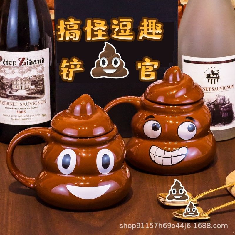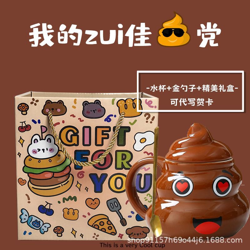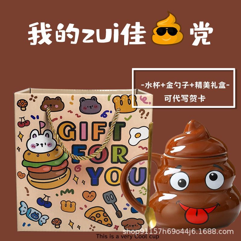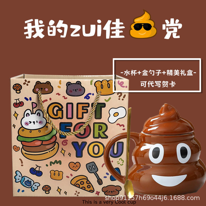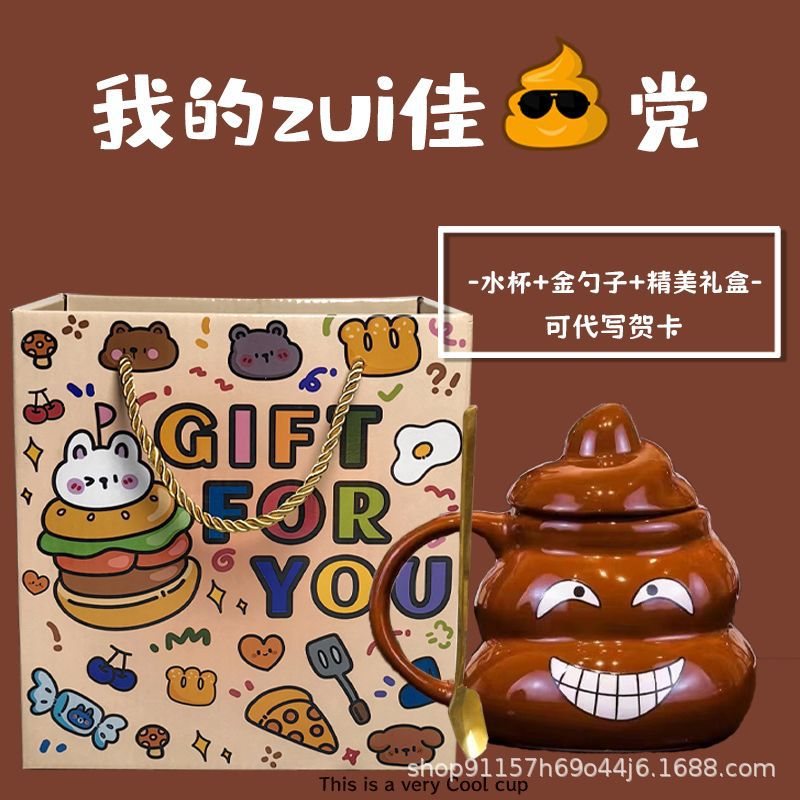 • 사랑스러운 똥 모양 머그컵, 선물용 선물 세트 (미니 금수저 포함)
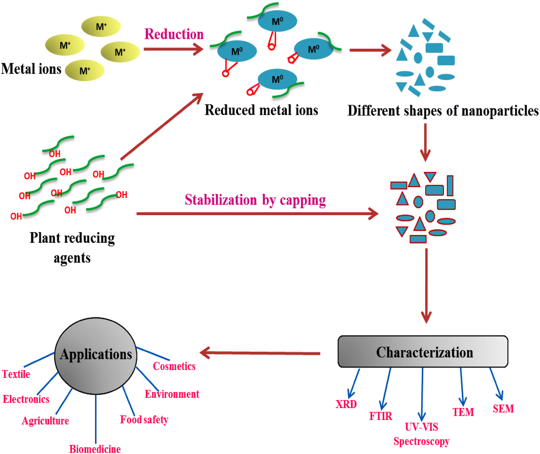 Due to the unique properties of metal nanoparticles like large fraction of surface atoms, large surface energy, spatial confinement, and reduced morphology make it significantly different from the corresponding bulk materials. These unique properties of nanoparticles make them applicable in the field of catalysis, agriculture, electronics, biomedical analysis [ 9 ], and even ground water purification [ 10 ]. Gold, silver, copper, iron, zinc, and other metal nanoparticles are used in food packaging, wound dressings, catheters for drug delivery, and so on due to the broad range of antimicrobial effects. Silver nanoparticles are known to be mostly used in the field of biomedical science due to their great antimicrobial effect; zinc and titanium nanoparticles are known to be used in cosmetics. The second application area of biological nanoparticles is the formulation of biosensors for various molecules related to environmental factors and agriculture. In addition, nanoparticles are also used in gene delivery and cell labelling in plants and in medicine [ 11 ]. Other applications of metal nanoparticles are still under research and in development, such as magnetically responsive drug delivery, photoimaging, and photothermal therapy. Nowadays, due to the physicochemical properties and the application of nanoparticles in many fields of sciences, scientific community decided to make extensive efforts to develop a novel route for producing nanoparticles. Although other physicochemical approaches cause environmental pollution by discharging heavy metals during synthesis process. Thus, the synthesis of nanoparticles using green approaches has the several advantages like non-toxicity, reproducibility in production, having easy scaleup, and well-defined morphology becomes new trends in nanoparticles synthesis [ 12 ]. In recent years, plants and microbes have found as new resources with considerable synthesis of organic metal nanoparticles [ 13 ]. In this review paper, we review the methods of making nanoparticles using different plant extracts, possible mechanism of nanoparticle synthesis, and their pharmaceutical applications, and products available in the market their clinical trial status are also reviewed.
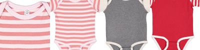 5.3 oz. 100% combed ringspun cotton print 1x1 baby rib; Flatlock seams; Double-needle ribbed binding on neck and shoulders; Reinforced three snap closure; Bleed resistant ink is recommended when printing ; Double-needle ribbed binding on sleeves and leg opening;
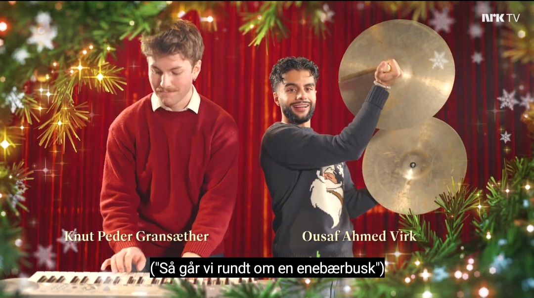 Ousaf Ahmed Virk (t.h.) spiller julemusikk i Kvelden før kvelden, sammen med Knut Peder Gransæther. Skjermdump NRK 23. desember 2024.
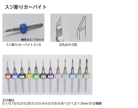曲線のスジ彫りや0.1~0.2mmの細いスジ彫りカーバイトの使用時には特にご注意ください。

# To do
Please output the lines from the line that holds "5.3 oz. 100%" through the final line of the material above, both included. Each line must match exactly, and pictures must be excluded.

# Reply
 5.3 oz. 100% combed ringspun cotton print 1x1 baby rib; Flatlock seams; Double-needle ribbed binding on neck and shoulders; Reinforced three snap closure; Bleed resistant ink is recommended when printing ; Double-needle ribbed binding on sleeves and leg opening;
 Ousaf Ahmed Virk (t.h.) spiller julemusikk i Kvelden før kvelden, sammen med Knut Peder Gransæther. Skjermdump NRK 23. desember 2024.
曲線のスジ彫りや0.1~0.2mmの細いスジ彫りカーバイトの使用時には特にご注意ください。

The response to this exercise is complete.